Após a votação contraria a urgência, Zaher pediu a palavra e criticou a postura da maioria dos parlamentares, o vereador ironizou a perda de função do Legislativo. “Tá chegando num ponto que alguns vão ter que pegar o seu diploma eleitoral e rasgar. Eu acho que os colegas poderiam pelo menos ler o teor do requerimento para ver o que vossas excelências estão sendo contrários a gente saber de informação.”, disse.

O parlamentar argumentou que o pedido não envolvia detalhes contratuais complexos, mas sim estatísticas básicas, mais importantes que deveriam ser de fácil acesso à população, como volume de multas aplicadas, números de acidentes desde o período de instalação do sistema e quantitativo de vítimas, inclusive fatais. “O dia que um vereador não puder saber quantos acidentes teve na cidade, o que é que tá acontecendo? Não dá para entender”, disparou.

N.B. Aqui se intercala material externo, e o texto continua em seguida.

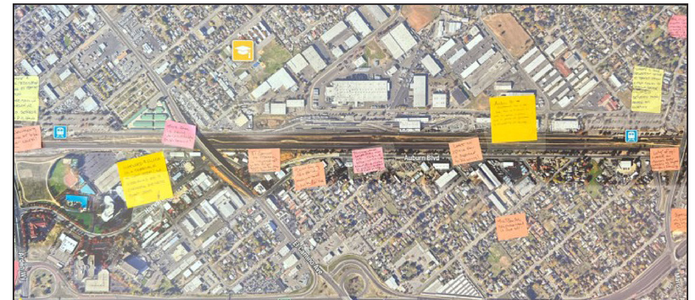
Comments from the first Community Workshop, focused on Auburn Boulevard

Would your community like a presentation from the project team?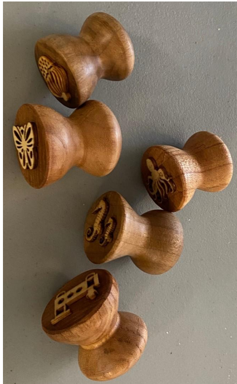
2 nd Nette Edlin Playdo stamps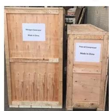
Wooden Box Packing

Zaher destacou que o município gasta cifras significativas com o sistema de fiscalização eletrônica, destacando que o contrato anual gira em torno de R$ 16 milhões. Segundo ele, o cidadão tem o direito de entender se a arrecadação das penalidades cobre os custos ou se está apenas gerando uma sobrecarga financeira ao trabalhador rondonopolitano.

Diante da recusa do pedido de informações, o vereador anunciou que pretende acionar o Poder Judiciário para que a Prefeitura seja obrigada a fornecer os dados, caso na semana que vem o requerimento que volta a pauta de discussão e votação seja rejeitado pelos colegas vereadores. “Nós vamos ter que judicializar contra o município que tá negando informação que é pública, que deveria ser informada para não dizer que a Casa aqui é contrária ao acesso de informação e a Justiça vai ter que determinar que seja enviada.” Pontuou.

Ao finalizar o discurso, Zaher comparou a situação do trânsito local a um conto de fadas, criticando a falta de transparência. “Nós estamos vivendo o país das maravilhas, e nós somos a Alice aqui”, concluiu.